To train a `ByT5-Large` model on the
[mc4](https://www.tensorflow.org/datasets/catalog/c4#c4multilingual_nights_stay)
task from scratch as described in the paper:

```
export PROJECT=yourproject
export ZONE=yourzone
export BUCKET=yourbucket
export TPU=yourtpu

ctpu up --name=$TPU --project=$PROJECT --zone=$ZONE --tpu-size=v3-256 --tpu-only --noconf

TASK=byt5_mc4
MODEL_DIR="${BUCKET}${TASK}"

python -m t5.models.mesh_transformer_main \
--tpu="${TPU}" \
--gcp_project="${PROJECT}" \
--tpu_zone="${ZONE}" \
--model_dir="${MODEL_DIR}" \
--gin_file="models/byt5.large.gin" \
--gin_param="MIXTURE_NAME = '${TASK}'" \
--gin_param="utils.run.sequence_length = {'inputs': 1024, 'targets': 189}" \
--gin_param="utils.run.batch_size = ('tokens_per_batch', 1048576)" \
--gin_param="utils.run.learning_rate_schedule=@learning_rate_schedules.rsqrt_no_ramp_down" \
--gin_param="run.train_steps = 1000000" \
--gin_param="utils.tpu_mesh_shape.model_parallelism = 1" \
--gin_param="utils.tpu_mesh_shape.tpu_topology = 'v3-256'" \
--eval_mode="perplexity_eval" \
--eval_gin_param="mesh_eval_dataset_fn.num_eval_examples = 10000" \
--t5_tfds_data_dir="${BUCKET}/t5-tfds" \
--module_import="byt5.tasks"
```

### Fine-Tuning

The example below shows how to finetune the `ByT5-Large` model on the XNLI
zeroshot task.

```
export PROJECT=yourproject
export ZONE=yourzone
export BUCKET=yourbucket
export TPU=yourtpu

ctpu up --name=$TPU --project=$PROJECT --zone=$ZONE --tpu-size=v3-256 --tpu-only --noconf

TASK=byt5_xnli_zeroshot
PRETRAINED_DIR=gs://t5-data/pretrained_models/byt5/large
PRETRAINED_STEPS=1000000
FINETUNE_STEPS=262144
MODEL_DIR="${BUCKET}${TASK}"

# Run fine-tuning
python -m t5.models.mesh_transformer_main \
--tpu="${TPU}" \
--gcp_project="${PROJECT}" \
--tpu_zone="${ZONE}" \
--model_dir="${MODEL_DIR}" \
--gin_file="${PRETRAINED_DIR}/operative_config.gin" \
--gin_param="utils.tpu_mesh_shape.tpu_topology = 'v3-256'" \
--gin_param="MIXTURE_NAME = '${TASK}'" \
--gin_param="utils.run.train_steps=$((PRETRAINED_STEPS+FINETUNE_STEPS))" \
--gin_param="utils.run.init_checkpoint='${PRETRAINED_DIR}/model.ckpt-${PRETRAINED_STEPS}'" \
--t5_tfds_data_dir="${BUCKET}/t5-tfds" \
--module_import="byt5.tasks"
--gin_param="utils.run.batch_size = ('tokens_per_batch', 1048576)" \
--gin_param="utils.run.sequence_length = {'inputs': 2048, 'targets': 56}"
--eval_gin_param="Bitransformer.decode.max_decode_length = 56" \
```

The remaining experiments are shown in the [tasks.py](byt5/tasks.py) file.

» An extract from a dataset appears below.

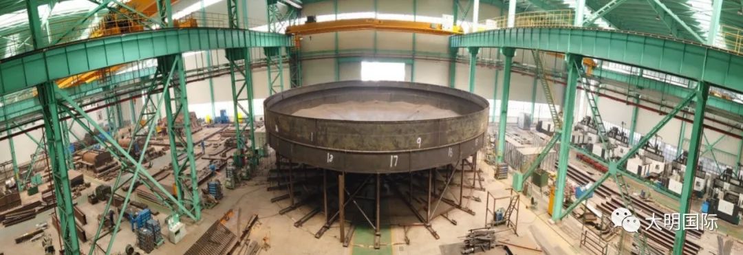此订单主要涉及17台浓密机,共850吨容器板,3500吨加工量。材质为双相钢2205、碳钢345R。整个流程需经过切割、刨边、圈圆、折弯、焊接、总装、打包、出口等。订单量大、工序繁琐、交期紧张等都为这次的项目增加了难度。大明靖江加工中心结合集团资源采购渠道和自身的加工配套能力等优势,为客户提供从原材料到加工服务、物流运输的“一站式”解决方案。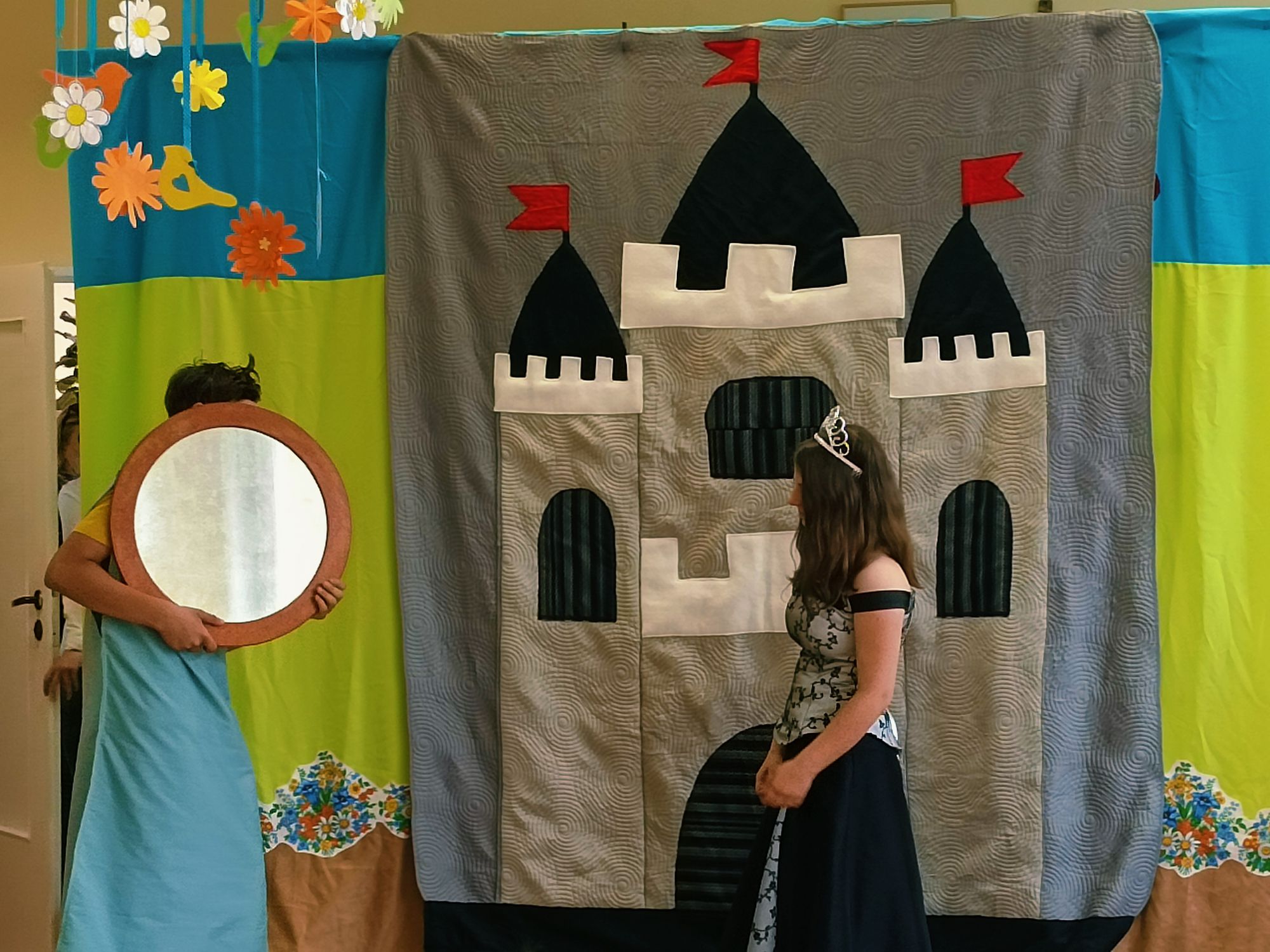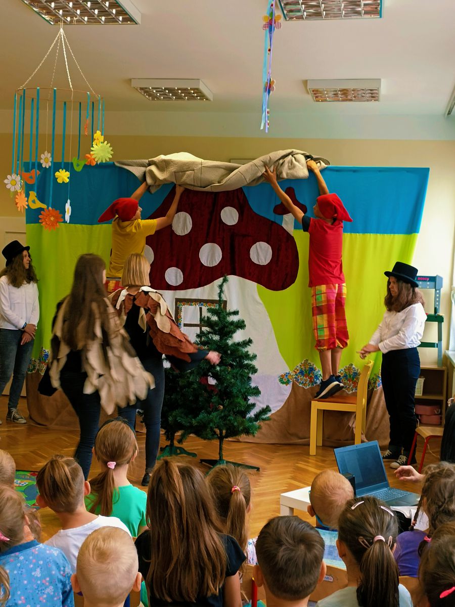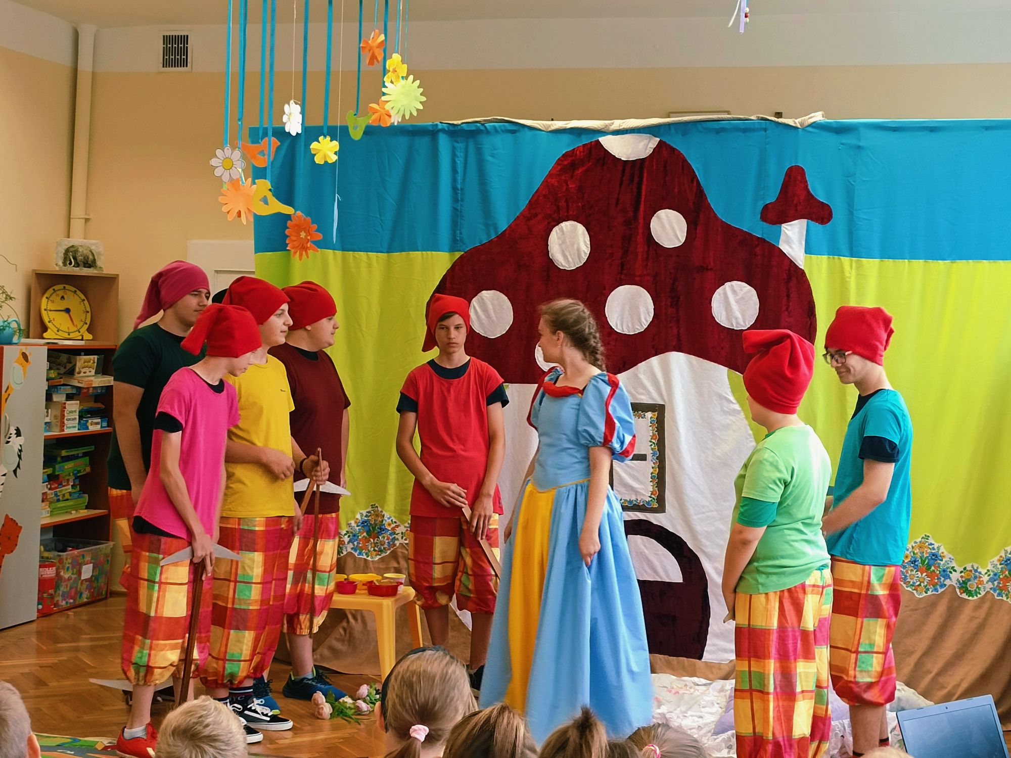Dnia 21 czerwca 2022r. wzięliśmy udział w magicznym spektaklu pt.„Królewna Śnieżka i siedmiu krasnoludków” w wykonaniu uczniów Publicznej Szkoły Podstawowej Nr 2 w Ozimku. Reżyserią i choreografią zajęła się pani Ewa Dorynek – nauczycielka prowadząca szkolny zespół teatralny. Każdego z nas zachwyciły układy choreograficzne, nastrojowa oprawa muzyczna, bajkowe kostiumy i scenografia ! Hej ho, hej ho, na spektakl by się szło! Spektakl był oparty na motywach baśni braci Grimm „Królewna Śnieżka”. To opowieść o przyjaźni, miłości i walce dobra ze złem. Bajka uczy, że warto pomagać. Pokazuje, że zło i zazdrość to niszczące emocje.Barwne, pełne dobrego humoru przygody pięknej Śnieżki i krasnoludków poruszają serca i wyobraźnię młodego widza. Na największe uznanie zasługują jednak młodzi aktorzy. Świadomie i z widoczną wprawą operowali też gestem, mimiką, a nade wszystko głosem. To właśnie dzięki grze aktorskiej spektakl był wartki, dynamiczny, a przy tym bardzo przejrzysty i zrozumiały nawet dla najmłodszych widzów, którzy reagowali bardzo żywiołowo. Gratulujemy twórcom i dziękujemy, że raz jeszcze mieliśmy okazję spotkać się z postaciami ze znanej co prawda, ale wciąż żywej i aktualnej baśni.

## Released Model Checkpoints

We have released the following checkpoints for pre-trained models described in
our [paper][paper]:

* **ByT5-Small** (300 million parameters): [gs://t5-data/pretrained_models/byt5/small](https://console.cloud.google.com/storage/browser/t5-data/pretrained_models/byt5/small/)
* **ByT5-Base** (580 million parameters): [gs://t5-data/pretrained_models/byt5/base](https://console.cloud.google.com/storage/browser/t5-data/pretrained_models/byt5/base/)
* **ByT5-Large** (1.2 billion parameters): [gs://t5-data/pretrained_models/byt5/large](https://console.cloud.google.com/storage/browser/t5-data/pretrained_models/byt5/large/)
* **ByT5-XL** (3.7 billion parameters): [gs://t5-data/pretrained_models/byt5/xl](https://console.cloud.google.com/storage/browser/t5-data/pretrained_models/byt5/xl/)
* **ByT5-XXL** (13 billion parameters): [gs://t5-data/pretrained_models/byt5/xxl](https://console.cloud.google.com/storage/browser/t5-data/pretrained_models/byt5/xxl/)

# How to Cite

If you extend or use this work, please cite the [paper][paper] where it was
introduced:

```
@misc{xue2021byt5,
title={ByT5: Towards a token-free future with pre-trained byte-to-byte models},
author={Linting Xue and Aditya Barua and Noah Constant and Rami Al-Rfou and Sharan Narang and Mihir Kale and Adam Roberts and Colin Raffel},
year={2021},
eprint={2105.13626},
archivePrefix={arXiv},
primaryClass={cs.CL}
}
```

[paper]: https://arxiv.org/abs/2105.13626

This is not an officially supported Google product.